【ご馳走!おみそ汁レシピ第12回】甘くてクリーミー!とうもろこしの「すり流し」

【ご馳走!おみそ汁レシピ第12回】甘くてクリーミー!とうもろこしの「すり流し」

とうもろこしの美味しい季節。茹でたり焼いたりもいいですが、汁物もおすすめです。今回はトロリとまろやかな「すり流し」に仕立ててみました。一般的なおみそ汁とは見た目もお味もずいぶん違いますが、お出汁と味噌で作った立派なおみそ汁の一種です。旬の甘いとうもろこしで、ぜひお試しください。
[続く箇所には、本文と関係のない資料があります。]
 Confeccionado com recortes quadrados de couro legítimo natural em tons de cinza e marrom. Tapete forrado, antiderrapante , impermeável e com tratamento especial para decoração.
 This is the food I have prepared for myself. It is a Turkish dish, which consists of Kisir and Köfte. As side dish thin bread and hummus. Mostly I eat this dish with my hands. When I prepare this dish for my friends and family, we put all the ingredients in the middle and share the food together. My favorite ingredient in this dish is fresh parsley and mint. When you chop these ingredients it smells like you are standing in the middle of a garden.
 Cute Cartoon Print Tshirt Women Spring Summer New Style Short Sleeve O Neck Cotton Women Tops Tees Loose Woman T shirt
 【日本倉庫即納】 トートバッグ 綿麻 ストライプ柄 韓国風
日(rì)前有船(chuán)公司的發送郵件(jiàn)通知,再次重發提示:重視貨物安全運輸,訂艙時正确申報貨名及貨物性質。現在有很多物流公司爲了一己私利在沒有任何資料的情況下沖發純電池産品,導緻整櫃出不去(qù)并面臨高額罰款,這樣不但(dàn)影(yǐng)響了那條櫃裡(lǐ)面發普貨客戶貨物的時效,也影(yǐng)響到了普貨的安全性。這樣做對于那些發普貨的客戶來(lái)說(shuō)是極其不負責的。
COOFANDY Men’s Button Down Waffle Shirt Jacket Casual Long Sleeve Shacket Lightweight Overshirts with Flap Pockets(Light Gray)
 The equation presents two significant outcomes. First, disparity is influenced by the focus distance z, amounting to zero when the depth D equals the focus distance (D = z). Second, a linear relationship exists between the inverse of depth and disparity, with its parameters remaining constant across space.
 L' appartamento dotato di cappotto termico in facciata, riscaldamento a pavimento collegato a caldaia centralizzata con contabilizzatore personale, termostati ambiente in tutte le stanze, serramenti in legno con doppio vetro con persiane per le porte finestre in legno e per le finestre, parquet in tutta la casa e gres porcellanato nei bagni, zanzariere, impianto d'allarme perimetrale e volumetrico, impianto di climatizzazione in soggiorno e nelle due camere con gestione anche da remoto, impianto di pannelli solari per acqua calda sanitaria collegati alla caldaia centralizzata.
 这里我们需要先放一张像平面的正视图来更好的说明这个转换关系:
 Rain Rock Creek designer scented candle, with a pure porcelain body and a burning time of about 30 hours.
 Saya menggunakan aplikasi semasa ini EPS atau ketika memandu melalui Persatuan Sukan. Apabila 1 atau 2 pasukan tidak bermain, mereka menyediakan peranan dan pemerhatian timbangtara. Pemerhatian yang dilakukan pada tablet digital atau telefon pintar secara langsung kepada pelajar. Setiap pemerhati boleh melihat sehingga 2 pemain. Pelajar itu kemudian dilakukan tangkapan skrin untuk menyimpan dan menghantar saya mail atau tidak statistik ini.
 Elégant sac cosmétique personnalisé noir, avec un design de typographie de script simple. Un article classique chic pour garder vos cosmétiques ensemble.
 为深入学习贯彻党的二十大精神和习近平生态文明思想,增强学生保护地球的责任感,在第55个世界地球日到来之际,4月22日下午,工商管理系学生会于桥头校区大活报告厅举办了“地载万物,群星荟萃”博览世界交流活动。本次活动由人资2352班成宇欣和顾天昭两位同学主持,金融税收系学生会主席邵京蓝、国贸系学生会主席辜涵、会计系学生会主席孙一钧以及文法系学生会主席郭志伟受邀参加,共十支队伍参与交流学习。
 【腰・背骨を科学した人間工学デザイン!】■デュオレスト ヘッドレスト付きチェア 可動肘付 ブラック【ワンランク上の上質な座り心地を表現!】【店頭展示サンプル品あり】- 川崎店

「ごちそう!おみそ汁レシピ」第12回は、「とうもろこし」のすり流し。「すり流し」とは、野菜や魚をすり鉢で細かくすり潰し、出汁でのばした汁物です。とうもろこしで作ると、甘くてポタージュみたいにトロトロに。熱々も美味しいですが、この季節は冷製でいただくのもおすすめです。動脈硬化や便秘予防にも効果が期待できますよ。

米、麦と並ぶ、世界三大穀物のひとつ

とうもろこしは別名「とうきび」とも呼ばれ、安土桃山時代の初期、1579年にポルトガル人から長崎(または四国という説も)に伝わりました。本格的に栽培が始まったのは、明治以降。昔は長期保存できる固い粒の物が主流でしたが、今は粒がやわらかくて甘いスイートコーンが市場の大半を占めています。

とうもろこしは、米や麦と並ぶ「世界三大穀物」のひとつで、南アメリカでは古代文明の頃から主食として食べられていました。今もメキシコなどではとうもころし粉で作ったトルティーヤが多く食べられています。ちなみに、他の穀物と違ってとうもろこしは原産地が明らかになっていません。これは祖先である野生とうもろこしが見つかっていないからで、メキシコ、グアテマラなどの中南米付近ではないかと言われています。

胚芽がでんぷんをエネルギーに

とうもろこしは穀物なので、でんぷん(糖質)が豊富に含まれています。そのでんぷんを、エネルギーに変えてくれるのが「胚芽」です。調理の際はぜひ他の穀物と同じく、胚芽まで一緒に食べるように工夫しましょう。胚芽は粒の中にある芯のような部分で、エネルギー代謝を活発にし、疲労回復に役立つビタミンB群を豊富に含んでいます。ごはんなど炭水化物の好きな方には必須のビタミンなので、ふだんから積極的に食事に取り入れるのがおすすめです。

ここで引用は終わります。